Your objective →
Everything from the line that has "FeaturesSureSpark(TM) Ignition System" to the last line of the listing must be repeated exactly, and nothing more; omit the pictures.

====

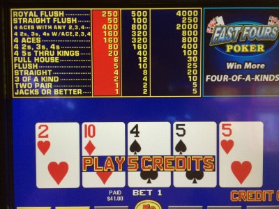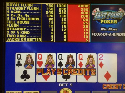 फ़ास्ट फ़ोर्स वीडियो पोकर का एक प्रकार है जिसे मैंने 5 अप्रैल, 2016 को लास वेगास के हार्ड रॉक में देखा था। यह एक पुरानी मशीन पर था, इसलिए मुझे लगता है कि यह खेल काफी समय से चलन में है और किसी तरह पहले मेरी नज़र से बच गया होगा। इस खेल का मुख्य आकर्षण क्विक क्वाड्स जैसा ही है: अगर खिलाड़ी के पास एक तरह का तीन हाथ है जैसे 8-8-8-5-3, और दो सिंगलटन एक तरह के तीन के रैंक के बराबर होते हैं, तो इसे एक तरह का चार के रूप में स्कोर किया जाता है। क्विक क्वाड्स की तरह, इक्के एक अंक के रूप में और 2-10 पिप मूल्य के रूप में गिने जाते हैं। क्विक क्वाड्स के विपरीत, फेस कार्ड भी एक भूमिका निभाते हैं। विशेष रूप से, एक जैक 11 अंकों के रूप में गिना जाता है, एक रानी 12 के रूप में, और एक राजा 13 के रूप में। तो, 2JKKK चार राजाओं के रूप में गिना जाएगा। इसका भुगतान वेतन तालिका को कम करके किया जाता है।
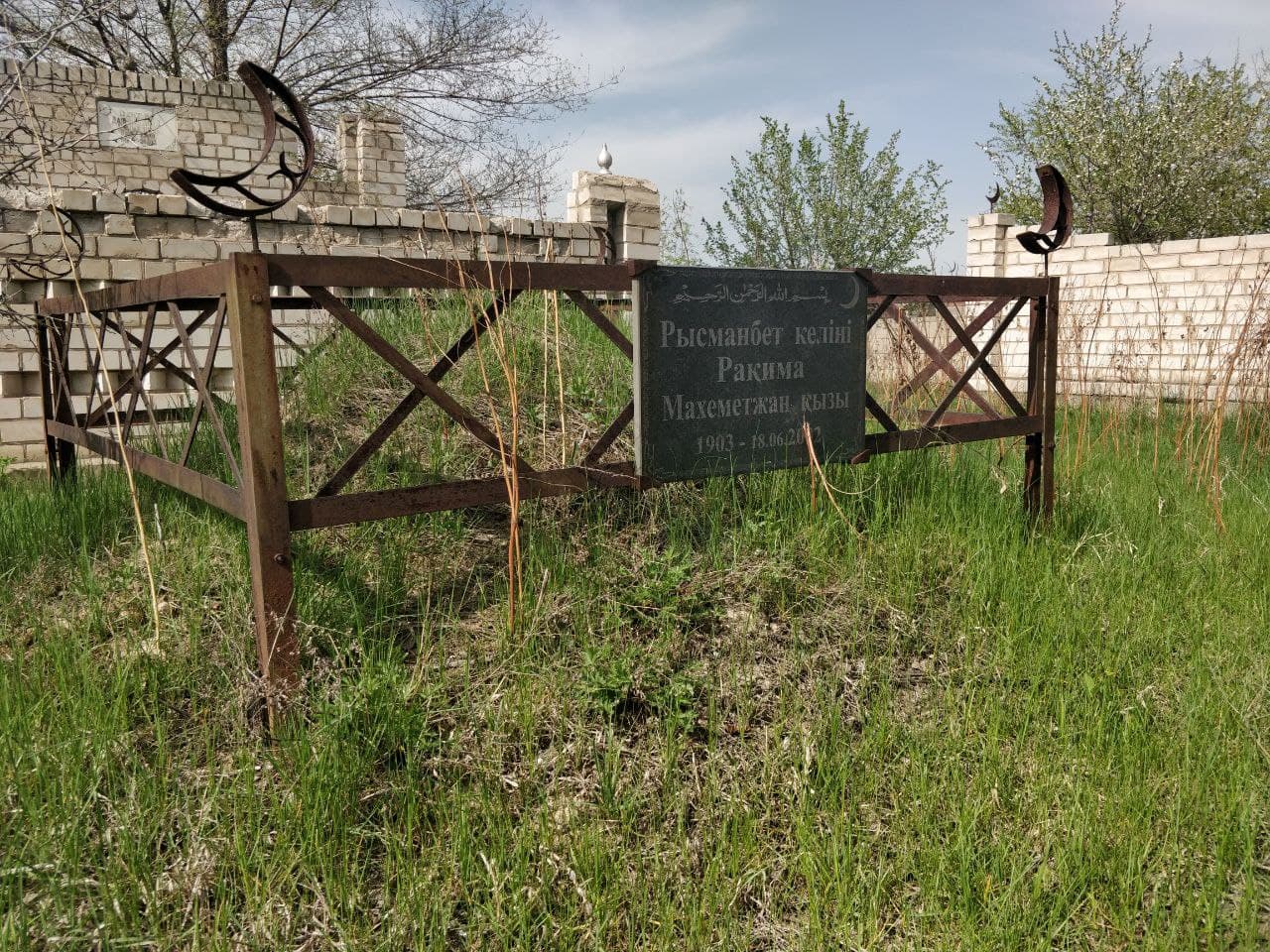 Первая – это наличие лавочки, они есть не везде. Вторая – изображение бабушки, которое хоть и не приветствуется на могиле, однако дало мне понять, что её обитательница при жизни была религиозной. Ну или как минимум чтящей традиции, которые у казахов были либо взяты из религии, либо тесно с ней переплетены.
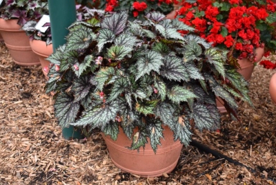 Best Begonia (Rex) –Jurassic Jr. Fire Spike “Plants make attractive mounds of dense and very colorful foliage. Grown mainly for foliage, it does have small pink flowers later in season that also complement the pink shades in the leaves. A great choice to bring color to shady areas while also being very low maintenance. The Jurassic Jr. series provides all the same beauty as the Jurassic series but with ~40% smaller foliage."
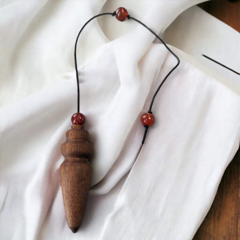 Le pendule de radiesthésie artisanal en noyer d'Auvergne est une pièce d'exception pour les passionnés de divination et de spiritualité. Confectionné à la main avec minutie, il est sculpté dans le bois de noyer, réputé pour ses qualités vibratoires et énergétiques.
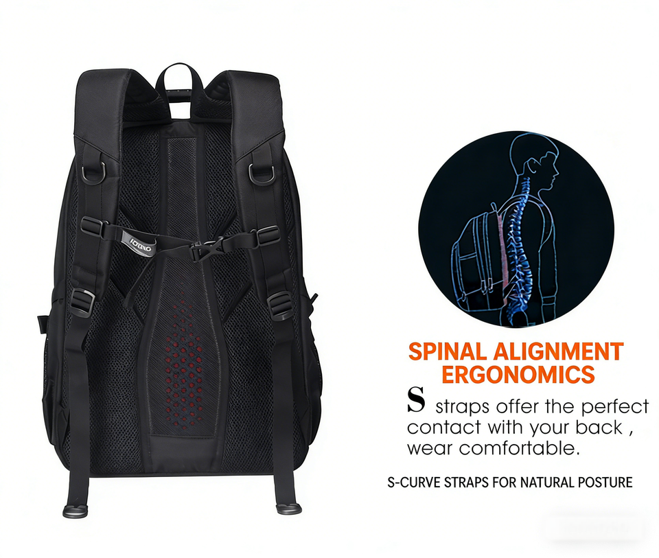 Mochila con logo personalizado para oficina y ordenador portátil, rucksack impermeable de viaje para hombre, negocios, color negro
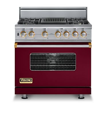 FeaturesSureSpark(TM) Ignition System From low to high, the exclusive SureSpark(TM) ignition system lights every time.VariSimmer(TM) The VariSimmer(TM) setting on Viking gas surface burners allows for precision control of ultra-low cooking temperatures.TruConvec(TM) Convection Cooking TruConvec(TM) Convection Cooking refers to the exclusive air circulation system employed by Viking convection ovens. Uses only convection element in rear of oven and fan-forced air - no direct heat from top or bottom.Gourmet-Glo(TM) Infrared Broiler Lock in all the savory juices of even the thickest porterhouse with the intense heat of the restaurant-quality Gourmet-Glo infrared broiler. Intense heat from broiler sears meats and fish locking in juices.Concealed Bake Element Get more control and less mess with the 10-pass concealed bake element. This dual concealed bake element provides finer temperature control and makes oven clean up easy. Viking VDSC5364QBUBR: 36" Custom Sealed Burner Dual Fuel Range, Natural Gas, Brass Accent?
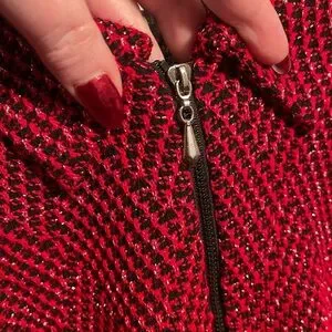 Stylish zip-up jacket by Alfred Dunner featuring a black and red design with “sparkle knit”, metallic silver thread woven throughout. Vintage women’s size 12. Smooth zipper, pockets, and in excellent condition.

====

Task answer →
 FeaturesSureSpark(TM) Ignition System From low to high, the exclusive SureSpark(TM) ignition system lights every time.VariSimmer(TM) The VariSimmer(TM) setting on Viking gas surface burners allows for precision control of ultra-low cooking temperatures.TruConvec(TM) Convection Cooking TruConvec(TM) Convection Cooking refers to the exclusive air circulation system employed by Viking convection ovens. Uses only convection element in rear of oven and fan-forced air - no direct heat from top or bottom.Gourmet-Glo(TM) Infrared Broiler Lock in all the savory juices of even the thickest porterhouse with the intense heat of the restaurant-quality Gourmet-Glo infrared broiler. Intense heat from broiler sears meats and fish locking in juices.Concealed Bake Element Get more control and less mess with the 10-pass concealed bake element. This dual concealed bake element provides finer temperature control and makes oven clean up easy. Viking VDSC5364QBUBR: 36" Custom Sealed Burner Dual Fuel Range, Natural Gas, Brass Accent?
 Stylish zip-up jacket by Alfred Dunner featuring a black and red design with “sparkle knit”, metallic silver thread woven throughout. Vintage women’s size 12. Smooth zipper, pockets, and in excellent condition.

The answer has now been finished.